Google’s low-cost fiber backbone project, Project Link, is now in Ghana. The initiative has been providing broadband internet to Uganda’s capital city, Kampala since 2013.
The Project allows local Internet Service Providers (ISPs) and telcos to provide high-quality broadband at lower costs through its shared infrastructure. This is unlike Google Fiber which provides high-speed last mile fiber connection directly to users in a few cities in the US.
The project is rolling out from Accra, Tema and Kumasi and is expected to build 1,200 kilometers of fiber in the cities.
Google Ghana country manager, Estelle Akofio-Sowah says, “By giving them more speed and capacity to work with, providers can meet the growing bandwidth demands of Ghana’s mobile phone users, schools, businesses.
Broadband capacity in Africa has improved in the past few years with MainOne and Seacom undersea cables connecting Africa to the rest of the world. Bringing the connection from the coast to the cities, however, remains a demanding task and it’s one that Project Link is taking on Ghana.
Google’s project link is one of many others trying to connect previously unconnected communities around the world to the internet. Facebook is planning on deploying WiFi bearing solar-powered drones; OneWeb, backed by Richard Branson is working on low-orbit satellites that will provide internet connectivity over swathes of the planet and Google also developing high-altitude balloons, Project Loon, that will take internet to remote parts of the world.
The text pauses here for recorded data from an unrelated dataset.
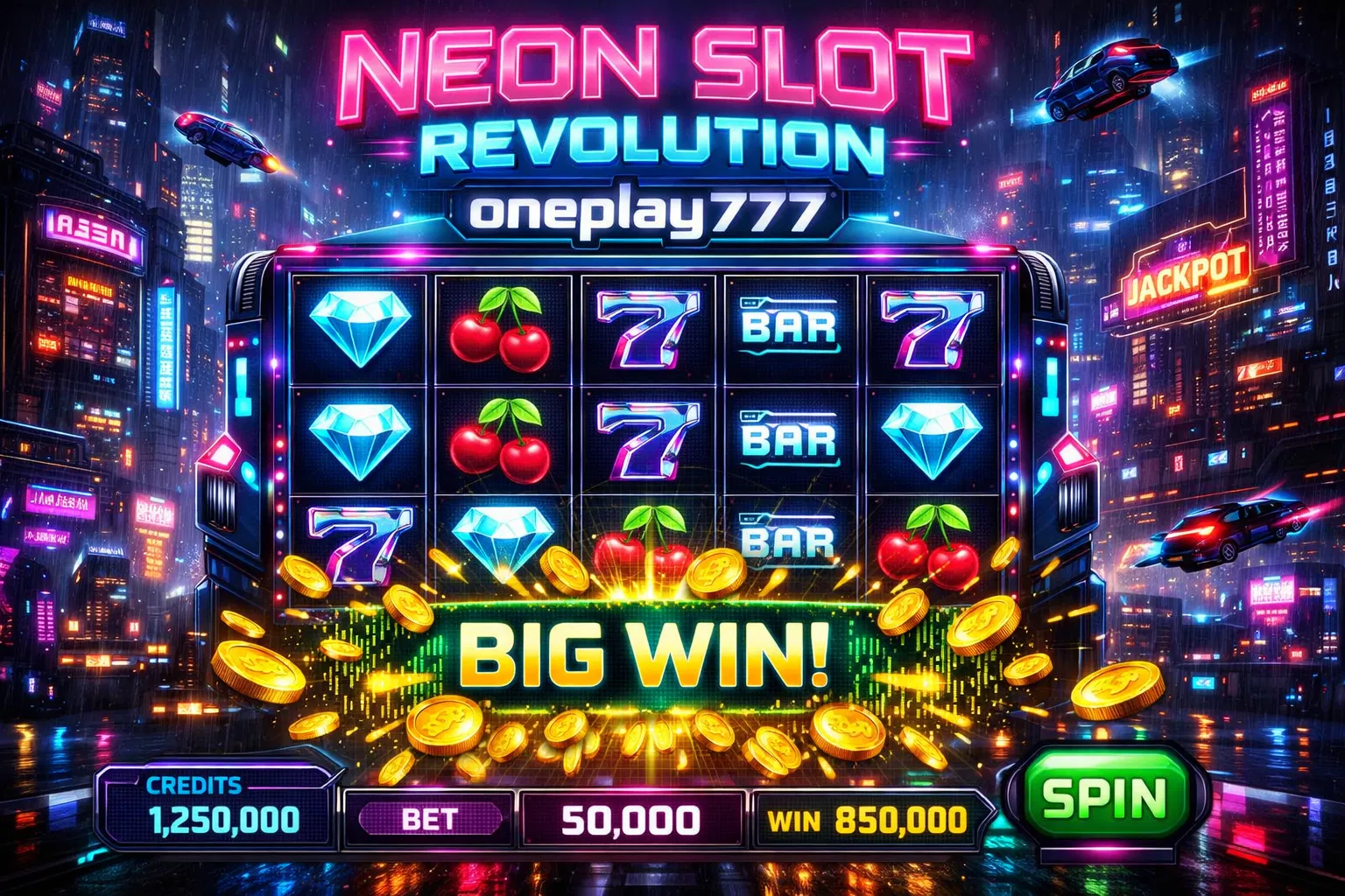 • Nuansa futuristik dan teknologi luar angkasa yang menampilkan grafis neon serta efek suara digital yang sangat modern untuk pengalaman bermain yang lebih canggih.
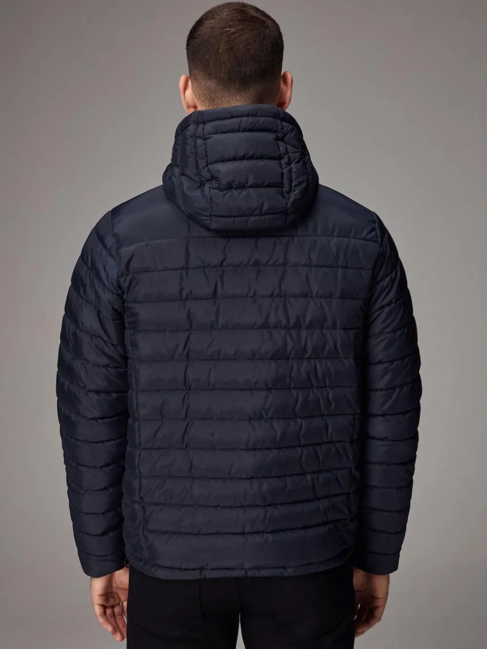 A stylish layer to add to your core outerwear, our navy blue lightweight puffer jacket is sleek, comfortable and stylish. Designed in a lightweight, shower resistant fabric with adjustable toggle pull and handy hood. Puffer jacket Lightweight Shower resistant Hooded Adjustable toggle pull Main 100% Recycled polyester. Lining 100% Recycled polyester.
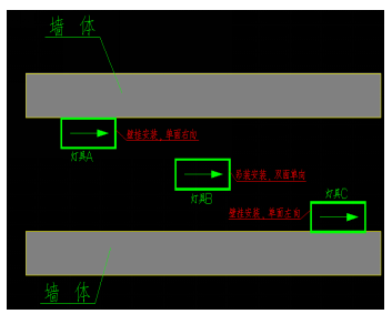 圖二燈具A、燈具C布置于墻體上選用壁掛安裝單面燈具;燈具B致于通道中間選用吊裝雙面單向燈具
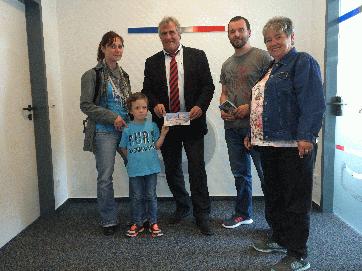Foto (Stadt Cuxhaven): Familie Huber bekommt das neue Gutscheinheft für Neubürger von Oberbürgermeister Dr. Ulrich Getsch im Bürgerbüro überreicht.
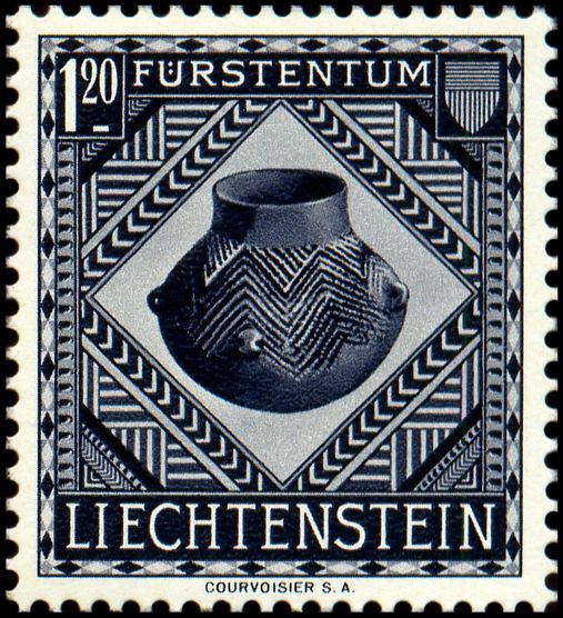 Czteroucha amfora ludności kultury Rössen o kulistym brzuścu bogato zdobionym ornamentem wykonanym w technice ściegu bruzdowego (połączenie rycia i odciskania), pochodząca z Gutenberg, gm. Balzers, uznawana za najstarsze (ok. 4700 BC) naczynie ceramiczne na terenie Lichtensteinu.
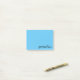 Um bloco de anotações azul adesivo com a palavra 'grata' na parte inferior.
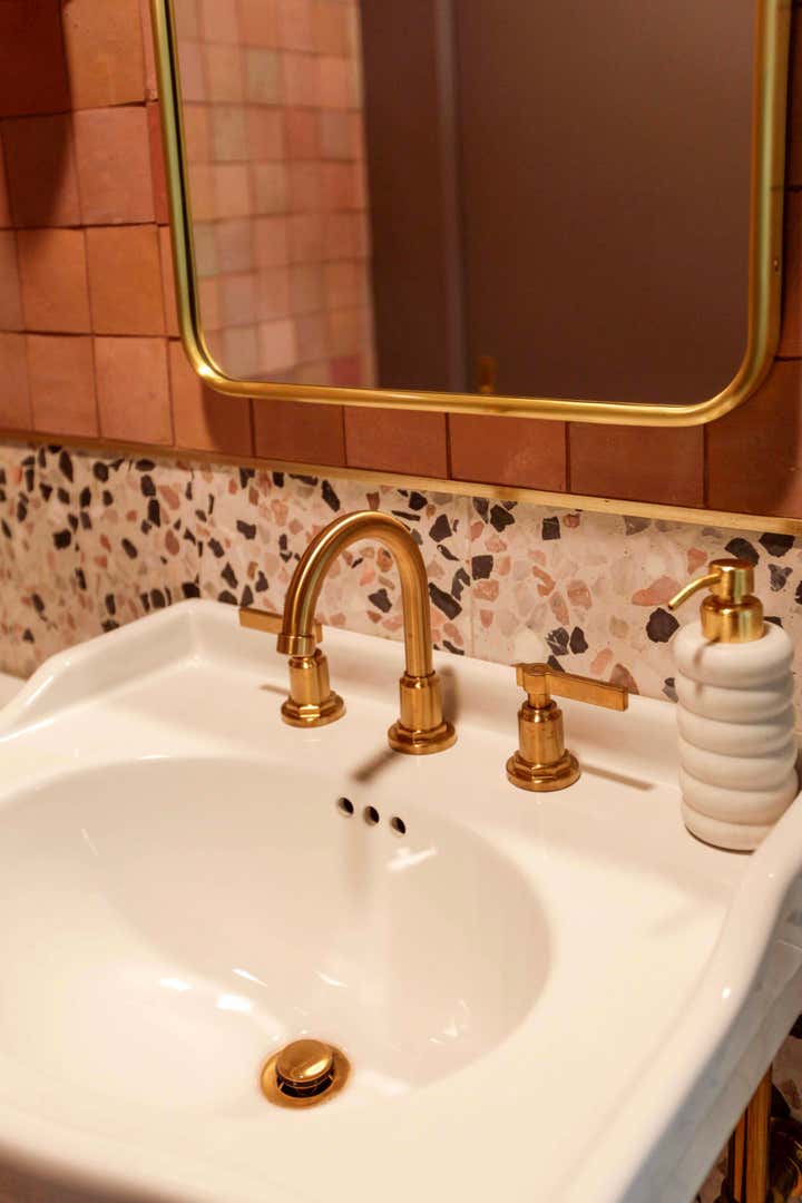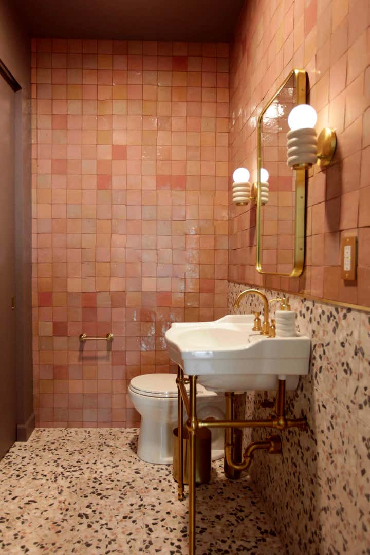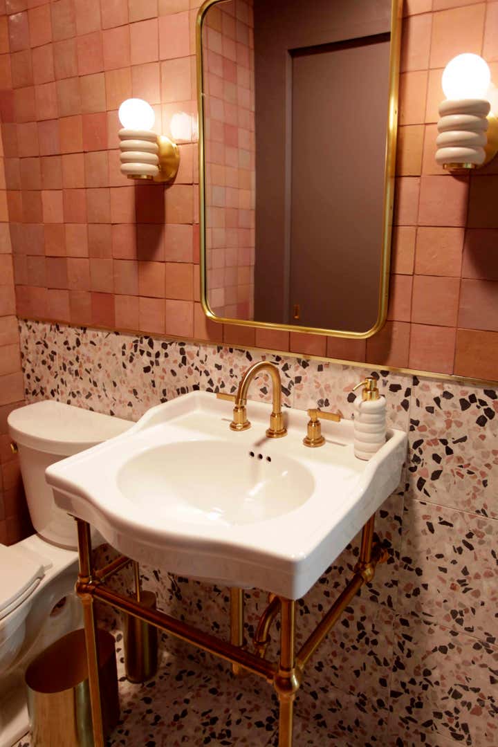 Powder room custom design features Zia zellige tile, Concrete Collaborative terrazzo tile, Signature Hardware sink + fittings, Kohler toilet, Mitzi lighting, Rejuvenation mirror and Sydney Harbour Paint.

But those are still long way away from public deployment.
“We’ve already started construction in Accra, with Kumasi to follow soon, and we plan to start service in early 2016. There’s a lot of work ahead, but we look forward to working with local providers to ensure that Ghana’s local infrastructure can help its people and businesses participate fully on the Web and be inspired by what they can do online,” says Estelle.